» **Requirement**
Retype only the lines below from the one with "Bà Nguyễn Thị" to the one with "Plakat przedstawia postać", inclusive, skipping every image.

» **Supplied records**
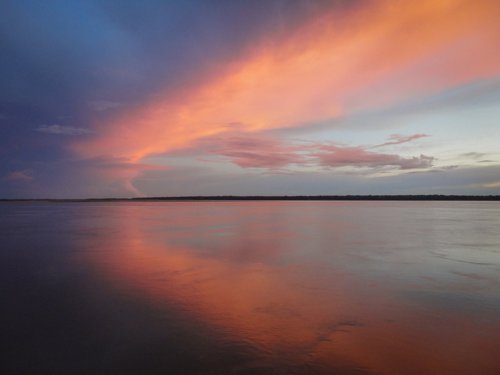 Fui alternando momentos de gratidão e aborrecimento profundo, nos seis dias e dois barcos que nos levaram de Yurimaguas a Iquitos e daí a Santa Rosa, a tripla fronteira com o Brasil e Colômbia. Vi pôres-do-sol laranja e violeta e azul como nunca tinha visto, mas o cenário ribeirinho – às vezes verde denso, às vezes plano sem vegetação, às vezes com aldeias de casas de madeira e telhados de palha, outras vezes aldeias com mercados lotados e mototáxis- começou a tornar-se repetitivo.
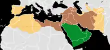 - Усилия Усмана по сохранению контроля курайшитов над халифатом и установления контроля над слабой финансовой системой Умара[39] привели к назначению его близких родственников из Бану Умайя и родительского клана Бану Абд Шамс наместниками большинства регионов халифата. Среди этих назначенцев был сам Муавия, наместник Сирии и эль-Джазиры, который приходился Усману кузеном, Омейяды Аль-Валид ибн Укба и Саид ибн аль-Ас, которые последовательно правили Эль-Куфой. Бану Абд Шамс был представлен двоюродным братом Усмана по материнской линии Абдаллахом ибн Амиром, который правил Оманом, Али ибн Ади ибн Рабиа, властителем Мекки, и сводным братом Усмана Абдуллахом ибн Садом, правившим Египтом. В принятии внутренних решений халиф полагался на своего кузена Марвана ибн аль-Хакама из дома Омейядов[40]. Усман потребовал, чтобы излишки доходов от завоеванных земель, которые были объявлены Умаром государственной собственностью, но оставались под контролем соплеменников-завоевателей, были отправлены в Медину. Он также предоставил землю своим родственникам и другим известным курайшитам[41].
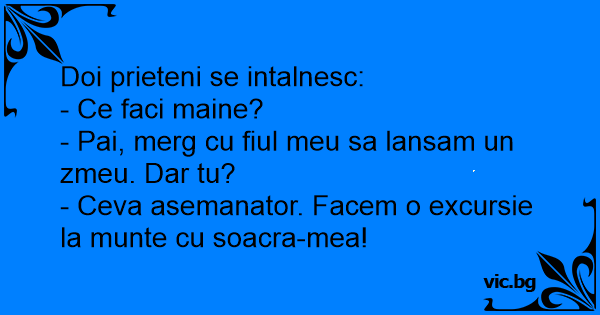 - Hej, co jutro robisz, stary? - Idę z synem za miasto, kupiłem latawiec - będziemy puszczać w powietrze takiego ogromnego smoka! A Ty? - No w sumie prawie to samo - odprowadzam teściową na lotnisko.
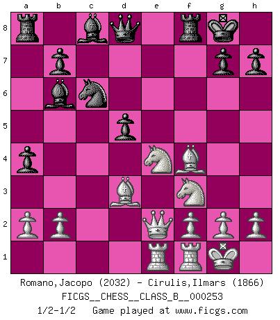 Last move : 1/2-1/2 2017 March 26 22:43:45 [Event "FICGS__CHESS__CLASS_B__000253"] [Site "FICGS"] [Date "2016.12.31"] [Round "1"] [White "Romano,Jacopo"] [Black "Cirulis,Ilmars"] [Result "1/2-1/2"] [WhiteElo "2032"] [BlackElo "1866"] 1.e4 e6 2.d4 d5 3.Nd2 Be7 4.Bd3 c5 5.dxc5 Nf6 6.Qe2 Bxc5 7.Ngf3 O-O 8.O-O Nc6 9.e5 Nd7 10.Nb3 Bb6 11.c4 f6 12.exf6 Nxf6 13.Bf4 a5 14.Rae1 a4 15.Nbd2 Ne4 16.cxd5 exd5 17.Nxe4 1/2-1/2 French : Tarrasch Kingside Castling by player Black (move 7) Kingside Castling by player White (move 8) This chess game ended in a draw. Follow this game move after move (download)You must take your opponent into a deep dark forest where 2+2=5, and the path leading out is only wide enough for one. (Mikhail Tal) Das Schach hält seine Meister in eigenen Banden, Fesseln; auf vielerlei Weise formt es ihren Geist, so dass die innere Freiheit selbst des Stärksten beeinflusst wird. (Albert Einstein) La caracteristica mas importante en la posición del Ajedrez es la actividad de las piezas. Esto es absolutamente fundamental en todas las fases del juego: Apertura, Juego Medio y especialmente Finales. La limitación primordial en la actividad de una pieza, es la estructuración de los Peones. (Michael Stean) Le pion, dans sa simplicité, marche droit devant lui, mais lorsqu'il prend, il le fait obliquement? Ainsi l'homme, tant qu'il reste pauvre, marche dans la droiture et vit honnêtement, mais lorsqu'il recherche les honneurs, il flatte, se parjure et, par les voies obliques, cherche une position supérieure sur l'échiquier du monde. (Jean de Galles) That's absurd. I love it. (Gregory House, House M.D.)
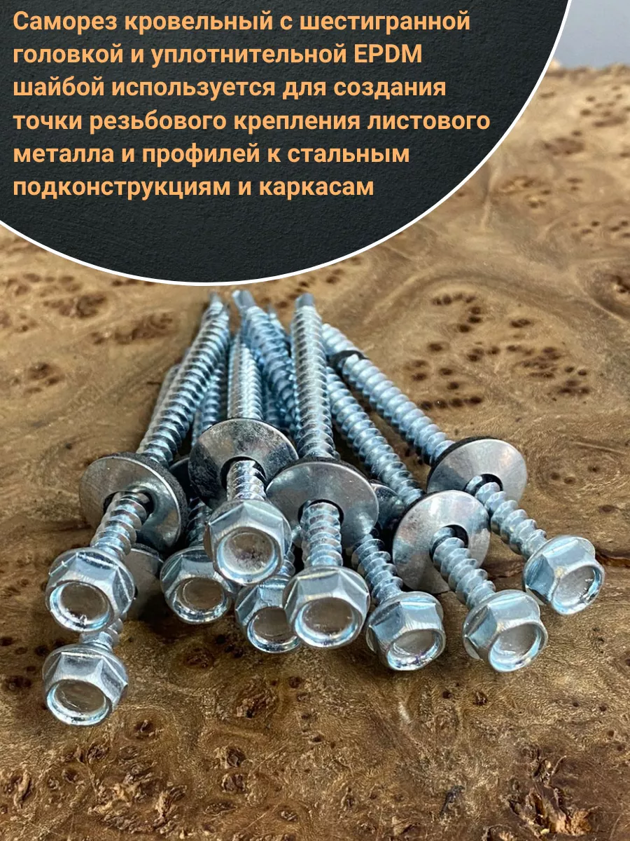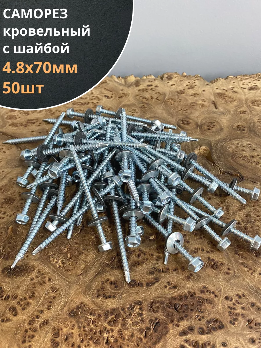 Саморез кровельный 4,8х70 мм с шайбой (под сверло),ОЦ
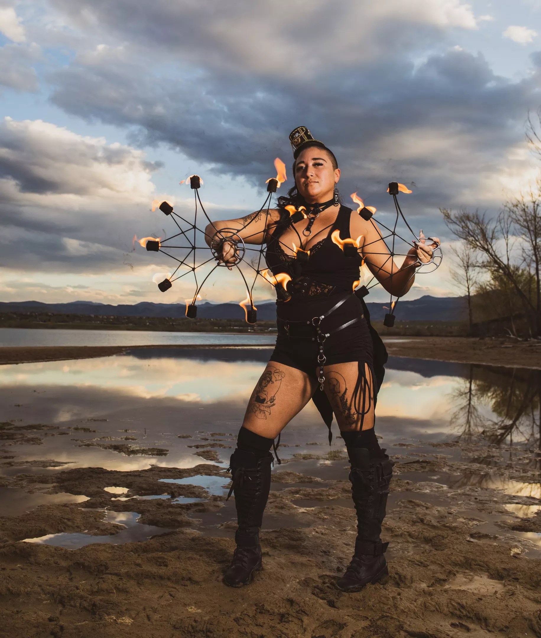Morris was introduced to spinning fire through friends when she lived in Dillon, and she continued to pursue it when she moved to Denver in 2010 for the “thriving music and art scene,” she says. “We have a really beautiful festival culture, and tons of events that support performance artists.”
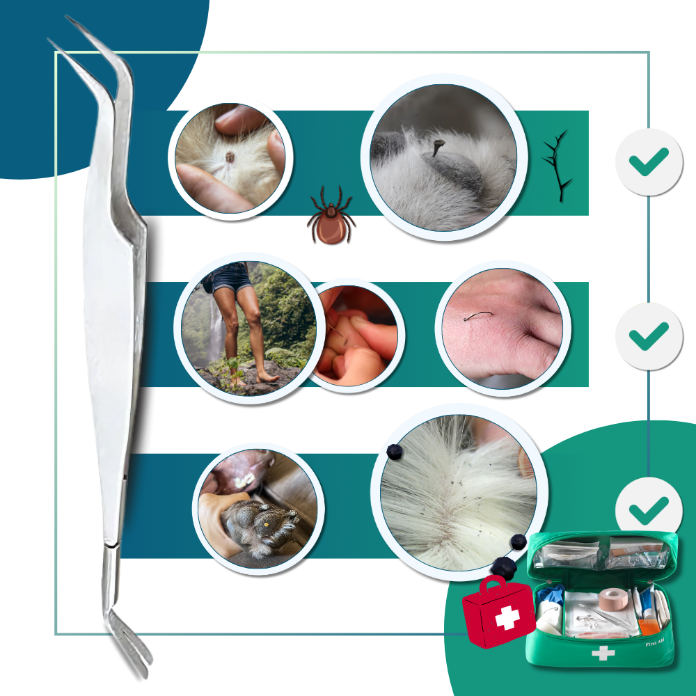 Conçu pour une précision exceptionnelle, cet outil est bien adapté pour retirer les tiques, les échardes et les débris des zones sensibles ou difficiles d'accès sur vous comme et sur vos animaux de compagnie. Les zones comme le contour des yeux, l'intérieur des oreilles, entre les orteils ou le long des plis cutanés doivent être manipulées avec douceur et précaution pour éviter tout désagrément. Grâce à ses pointes fines et étroites et à son design ergonomique, l'outil offre une précision et une maniabilité optimales, vous aidant à approcher avec soin dans ces zones délicates. Les pointes sont conçues avec précision pour glisser sous les petites tiques ou les particules incrustées, afin de les retirer en profondeur. Cette technologie vise à protéger les peaux et les fourrures sensibles tout en contribuant à minimiser les irritations ou les blessures au moment du retrait.
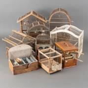 Negen houten vogelkooien -in gebruikte staat-, hoogte grootste 49 cm
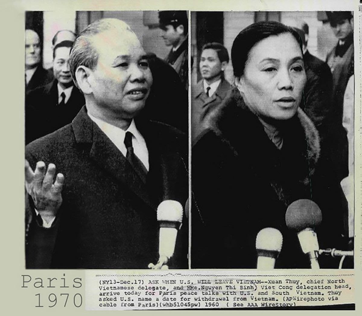 Bà Nguyễn Thị Bình và ông Xuân Thủy tại Paris năm 1970. Ảnh: BẢO TÀNG LỊCH SỬ QUỐC GIA
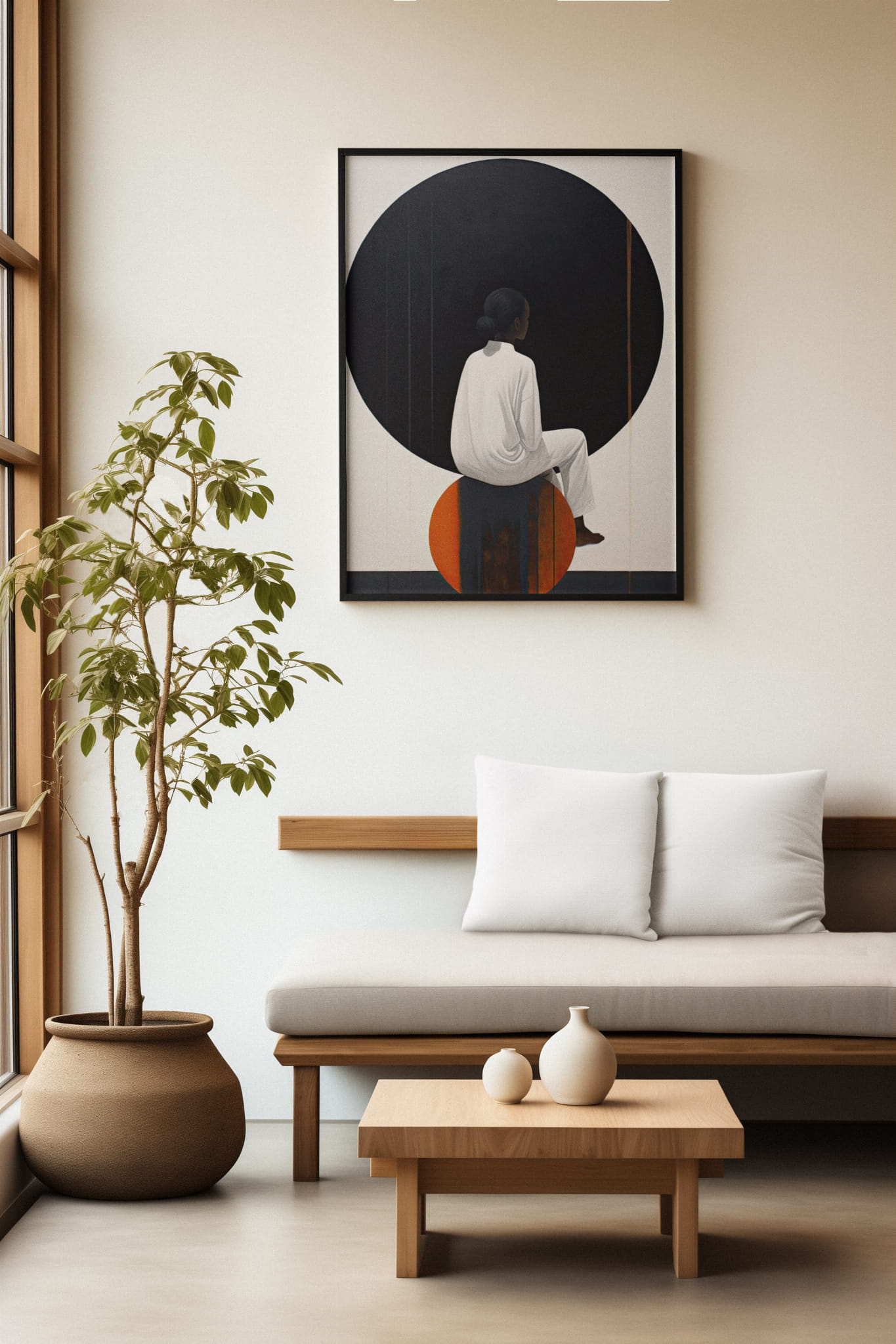Plakat przedstawia postać siedzącą w białym stroju, zwróconą tyłem, w minimalistycznej scenerii. Dominującym elementem jest czarne tło w formie okręgu, który tworzy kontrast z jasnymi kolorami ubrania. Kompozycja podkreśla moment wyciszenia i skupienia, a stonowana paleta barw nadaje całości spokojny, medytacyjny charakter. Plakat może stanowić elegancki dodatek do nowoczesnych wnętrz, wprowadzając atmosferę refleksji i spokoju.
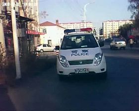 我说:“你们来了,正好给你们看看。”我不让他们揭但他们还是揭下来了,他们说他们就是干这个的,吃这碗饭的,不容易。我告诉他们“法轮大法好”,接着我说这里不让贴,那我到别处贴去。说完我就往前走了。他们上车在后面跟着。我不管他们跟不跟,救人要紧,我还有四张必须都得贴出去。他跟他的,我贴我的。我又选好了地方,贴上两张。他们又下车要去揭。我坚决阻止他们不让揭,再次告诉他们这是救人的,你们不能揭。我并严厉的问他们:你们那不让贴这儿不让贴,那你让我上哪儿贴去呀?其中一个警察说:“你去政府大院贴去。”我说我不知道政府大院在哪里?说完我就求师父加持,不让他们揭,结果他们真的没有揭那两张,就把车开走了。
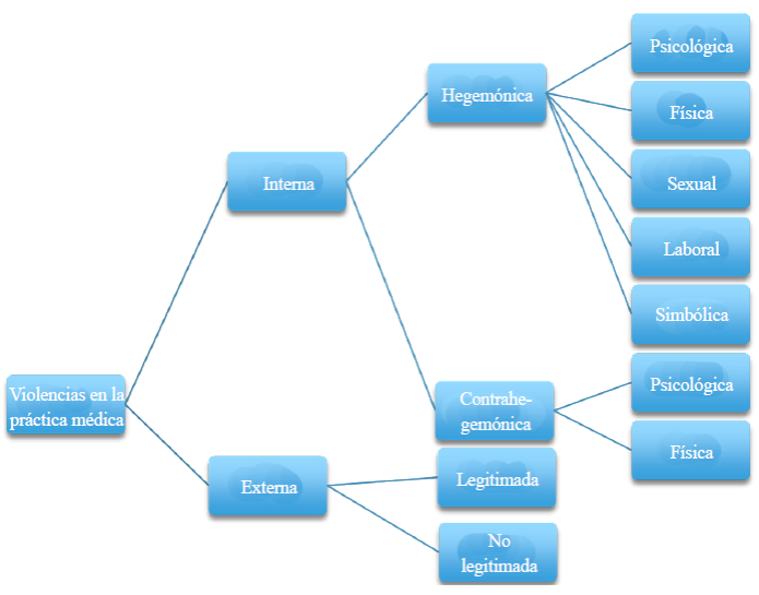 Clasificamos las violencias relacionadas con la práctica médica con base en dos principios: la pertenencia de los actores al campo médico y la consistencia con las relaciones de poder características del campo médico.
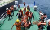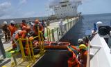 REPUBLIKA.CO.ID, ACEH BESAR -- Tim SAR gabungan mengangkat jenazah warga Filipina, Crispin F Cadiz menggunakan tandu saat dievakuasi dari kapal kargo berbendera Panama MV Lowlands Comfort ke kapal KN SAR Kresna di Teluk Benggala, Aceh Besar, Aceh, Kamis (14/7/2022).

» **Answer box**
 Bà Nguyễn Thị Bình và ông Xuân Thủy tại Paris năm 1970. Ảnh: BẢO TÀNG LỊCH SỬ QUỐC GIA
Plakat przedstawia postać siedzącą w białym stroju, zwróconą tyłem, w minimalistycznej scenerii. Dominującym elementem jest czarne tło w formie okręgu, który tworzy kontrast z jasnymi kolorami ubrania. Kompozycja podkreśla moment wyciszenia i skupienia, a stonowana paleta barw nadaje całości spokojny, medytacyjny charakter. Plakat może stanowić elegancki dodatek do nowoczesnych wnętrz, wprowadzając atmosferę refleksji i spokoju.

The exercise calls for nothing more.